Rage Becomes Her:  The Power Of Women's Anger
Adult herstory
      Anger is my friend.  Some of the things it has done for me are:
*Empowered me to do something difficult as in when I testified in  
court against a man who attempted to rape me, knowing that his lawyer  
would try to make me out to be a seductive slut;
*Strengthened me to persevere in the face of challenge as in when I  
wouldn't give up on being elected to school committee in a town where  
I was considered trailor park trash;
*Gained me adequate medical treatment as the first doctor I saw after  
I fractured my wrist didn't even bother to xray, claiming if I'd  
really broken a bone I'd be in a lot more pain;
*Saved my life as in when I had the chutzpah to demand a nurse take my  
vitals after the doctor on rounds after I'd given birth dismissed  
symptoms I reported as the imagination of a first time mother;
and *Saved my sanity when society let me know that, as a woman who had  
taken time out to raise three children, I deserved nothing better than  
retail or fast food work.  That amply fueled my search for better and  
the tenacity with which I pursued that better when I discovered what  
it was.
      Seeing how powerful and useful anger is and how much we have to  
be angry about, you'd think women and two spirits would be rocking  
it.  But no.  We've been taught all our lives that it's a male  
prerogative.  It makes people uncomfortable.  It's our duty to  
reassure them when our anger makes them so uneasy or, better yet,  
never display anger in the first place.
      For these reasons I was thrilled when I read Soraya Chemaly's  
Anger Becomes Her: The Power Of Women's Anger.  Chemaly shows us that,  
rather than impotent bitterness, anger is a powerful and hopeful  
emotion, a catalyst for action toward a better world.  The three  
strands of her narrative are:
1) Women have a lot of things to be angry about.  We (I am including  
gender fluid folks like myself) live in a world that chooses to  
instruct us to keep ourselves timidly safe rather than making it clear  
to males that sexual predation and harassment are not acceptable.  Our  
symptoms are downplayed and disregarded by doctors to the point where  
some of us pay the ultimate price for their ignorance.  Educated and  
credentialed women are seen by peers as being less credible.  Job  
discrimination is alive and well.  And how about all those  
microaggressions?
2) We are trained to suppress any signs of anger from earliest  
childhood on while the anger of male peers is encouraged or at least  
tolerated.  Women who are angry are seen as bitter or humorless party  
poopers.  Amgry men are men's men.  Recall during the 2016 election  
Trump was all about anger while Clinton had to operate knowing that  
any show of even the most legitimate anger on her part would make her  
harshly criticized and seen by many as less electable?

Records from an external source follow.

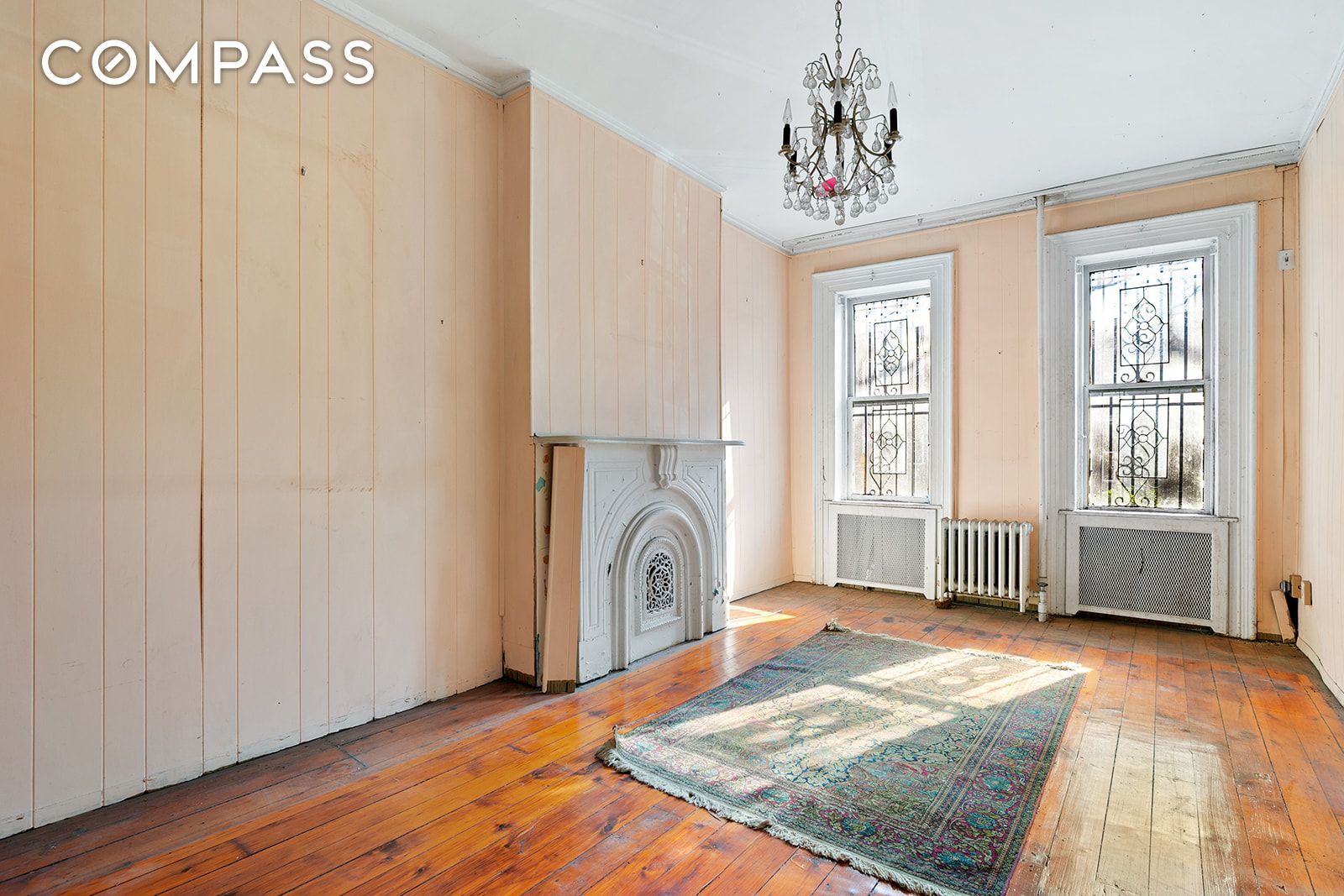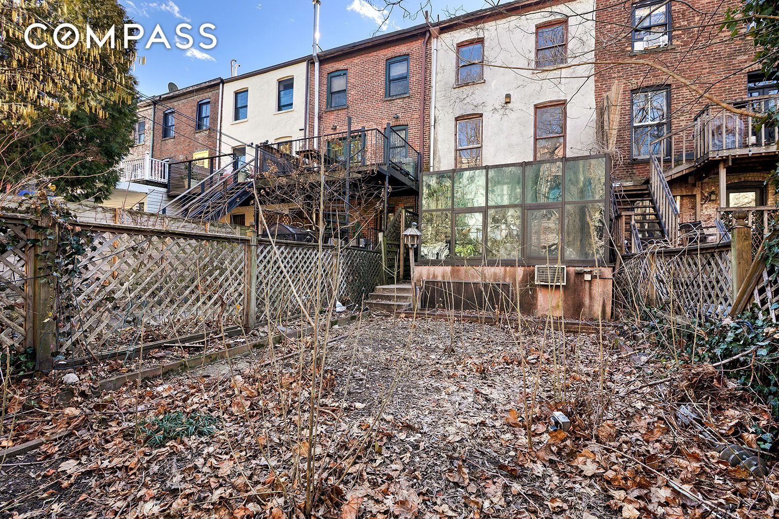 Bring your architect and contractor to this mid-block, 2-family, 3-story townhouse in landmarked Boerum Hill. Built in 1871, this home features a sunny, south-facing living area with original pine floors, decorative mantels, tin ceilings and a quiet and peaceful backyard. An additional greenhouse off the garden-level kitchen was added in the mid 2000's. Full cellar, front courtyard and additional FAR of over 1,500 sq. ft. available for future expansion. (Please confirm independently.)
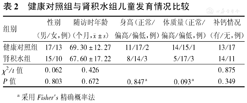 肾积水组和健康对照组儿童生长发育情况参数比较,见表2。
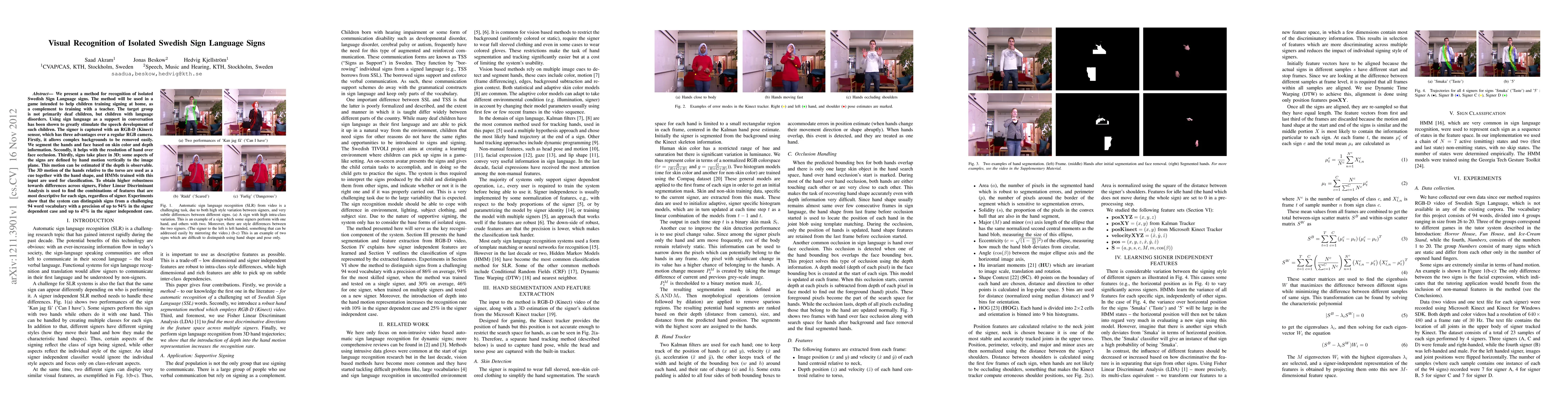 This paper proposes a method for recognizing isolated Swedish Sign Language signs using an RGB-D sensor to capture signers, aiding children with language disorders in training sign language at home. The system segments hands and faces using skin color and depth information, and employs 3D hand motion and HMMs for classification, achieving up to 94% precision for signer-dependent recognition and 47% for signer-independent.
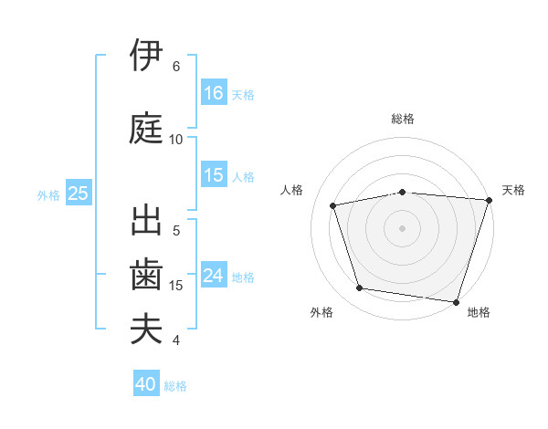 伊庭 出歯夫さんを姓名の画数から五運を鑑定

3) The anger we suppress doesn't dissipate.  It harms us both  
physically and psychologically.  "...By the time a woman reaches  
midlife, the most significant predictors of her general health are her  
level of stress and where she ranks in terms of keeping her 'anger in.'"

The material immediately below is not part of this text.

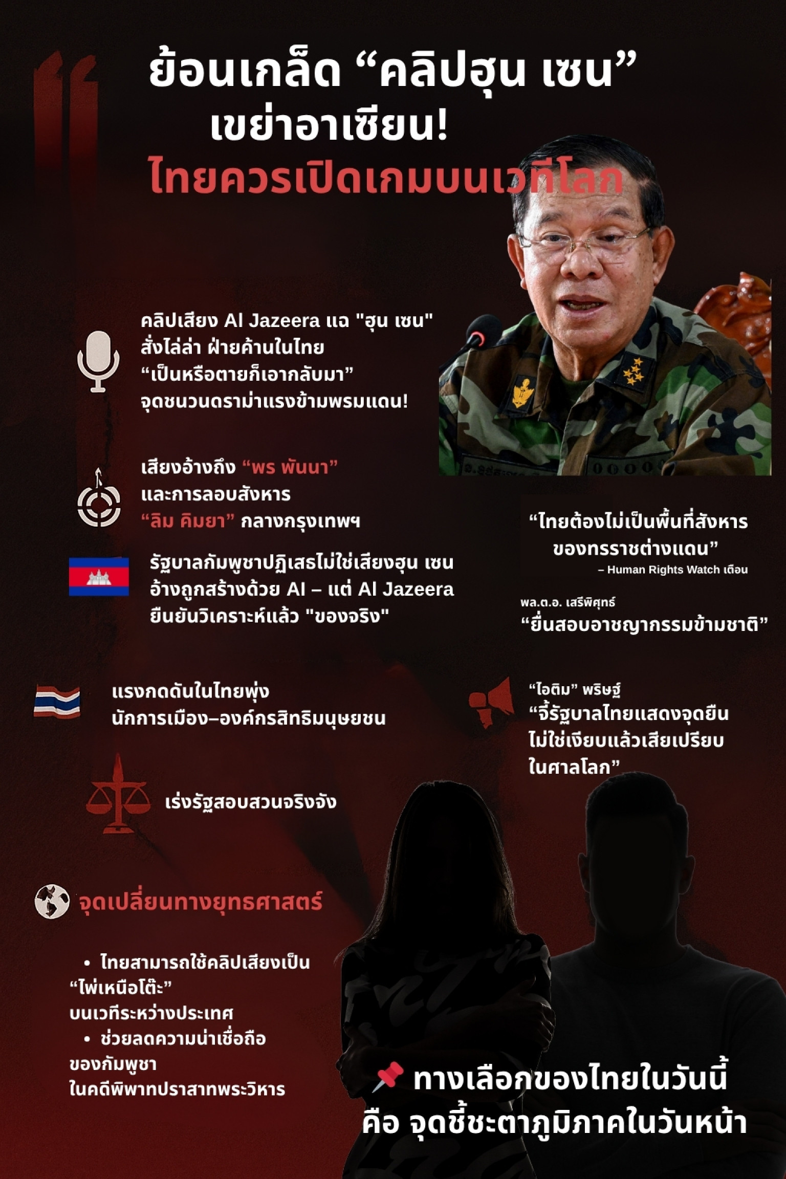 เมื่อกลางเดือนมิถุนายน 2568 สังคมออนไลน์และแวดวงการเมืองไทย-กัมพูชาต้องสั่นสะเทือน หลังสำนักข่าวระดับโลก Al Jazeera เปิดเผยคลิปเสียงที่ระบุว่าเป็นของนายฮุน เซน อดีตนายกรัฐมนตรีกัมพูชา และประธานวุฒิสภาคนปัจจุบัน สั่งการให้ "ตามล่าสังหาร" นักเคลื่อนไหวฝ่ายค้านชาวกัมพูชาที่ลี้ภัยอยู่ในประเทศไทย ไม่ว่าจะเป็นหรือตาย!
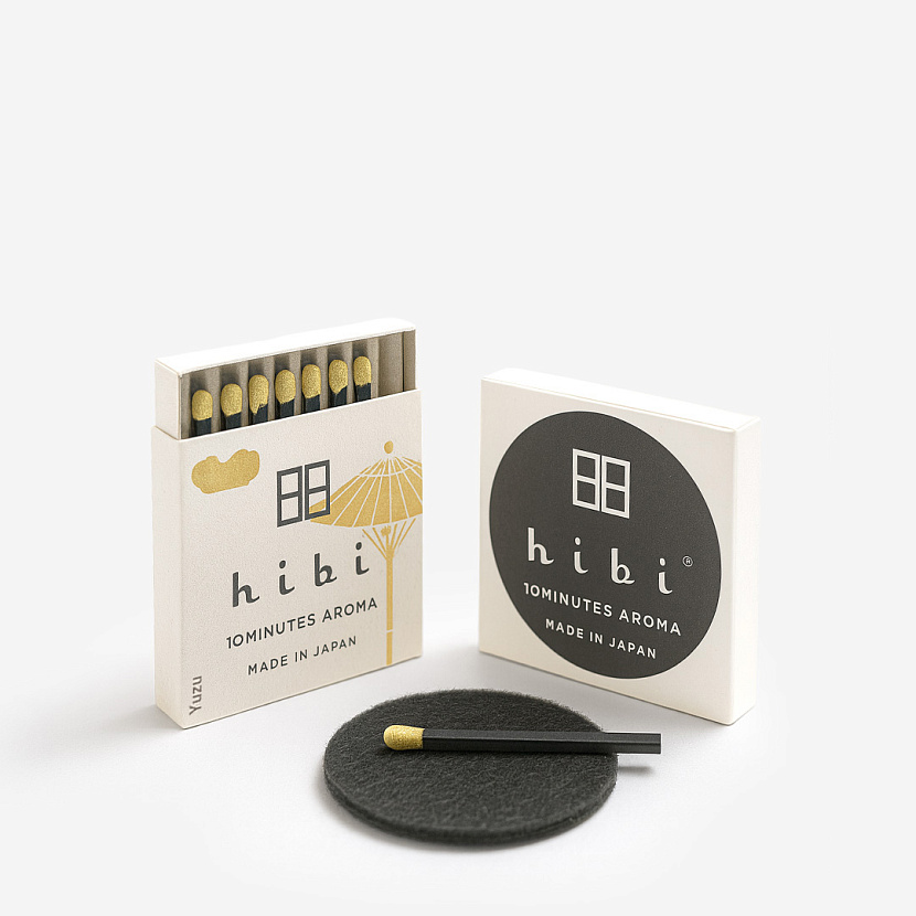 Набор для ароматерапии Yuzu в дорожном формате от японского бренда Hibi. В набор входит коробок, 8 ароматических спичек, пропитанных эфирным маслом юдзу, и специальный огнеупорный коврик, благодаря которому можно зажечь благовоние прямо внутри коробочки.

      Fortunately there are ways to not only cultivate our anger, but  
to put it to good use.  Chemaly provides us with a wealth of options.   
So I would recommend this most excellent book to all women, gender  
nonconforming people, and the men who have potential to be allies.
      After her grandmother who had no problem with expressing anger  
died Chemaly wrote down everything positive she could think about  
anger.  I want to close this review with some of her thoughts:
      "...Anger is an assertion of rights and worth.  It is  
communication, equality, and knowledge.  It is intimacy, acceptance,  
fearlessness, embodiment, revolt, and reconciliation.  Anger is memory  
and rage.  It is rational thought and irrational pain.  Anger is  
freedom, independence, expansiveness, and entitlement.  It is justice,  
passion, clarity, and motivation...
      Your anger is a gift you give to yourself and the world that is  
yours.  In anger, I have lived more fully, freely, intensely,  
sensitively, and politically.  If ever there was a time not to silence  
yourself, to channel your anger into healthy places and choices, this  
is it."
      AMEN!!!!!!!
On a personal note, ironically very few people would use angry to  
describe me.  I'm usually described as a motivator, an encourager, a  
ray of sunshine.  I can use my anger creatively because I am familiar  
and comfortable with it.  I have written regular opinion pieces for  
the Bangor Daily News for six years on topics that enrage me, for  
example.  Anger helps me express myself quite articulately and  
convincingly.
A great big shout out goes out to Chemaly for reminding us that anger,  
far from diminishing us, greatly becomes us.